Quick Draw says “Hold on thar!” but we don’t get an “I’ll do the thinnin’ around here” or “Oooh! That smarts!” in this cartoon.

This is one of three Quick Draws to have “Hanna-Barbera” on the title card and the only one with script calligraphy.


  1. This cartoon was animated by Robert Bentley. One of the WB 1960s Saturday AM collections includes it with full credits. Those familiar with Bentley's animation (flat facial features, large eyes) on various Snagglepuss, Yakky, and later Yogi cartoons will recognize it. Of course, this doesn't include Lundy's stock footage of Snuffles in ecstasy.

  2. This cartoon marks the last appearance of Snuffles in a Quick Draw McGraw cartoon. "Tail Wag Snag," a Snagglepuss cartoon, marked his official last appearance.
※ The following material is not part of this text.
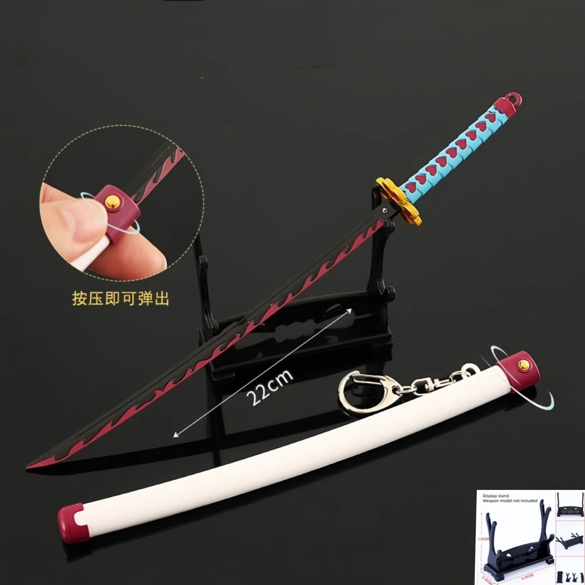 Demon Slayer Peripherals Tanjiro, Agatsuma Zenitsu Katana Full Metal Weapons Bounce Jump Knife Crafts Toy Sword Model Ornaments

In the scene where Quick Draw is heading in to retrieve the skunk in the mine, Snuffles sounded like Yogi Bear when he was singing to himself. Jack Pott's line: "I'm Rich, I'm Rich. I also got me a splittin' headache" is a really funny line.

  3. One of Robert Bentley's earlier cartoons was Frank Tashlin's 1938 Warner Bros.Porky Pig and his Momma cartoon "Wholly Smoke" (where he's credited as "Robt.Bentley" to writer George Manuell's "Geo.Manuell). I've personally always liked the calliography logo,wishing that it was always the logo--it even turned up on a tie in blue coloring book for the 1973 HB-Paramount feature "Charlotte's Web" with young pig owner Fern Arable and the star piggie Wilbur featured underneath the calliography HB logo on the blue background.

  4. I've found that the Chicago Tribune has an episode description of this episode with Augie's "In the Picnic of Time," on November 5, 1959.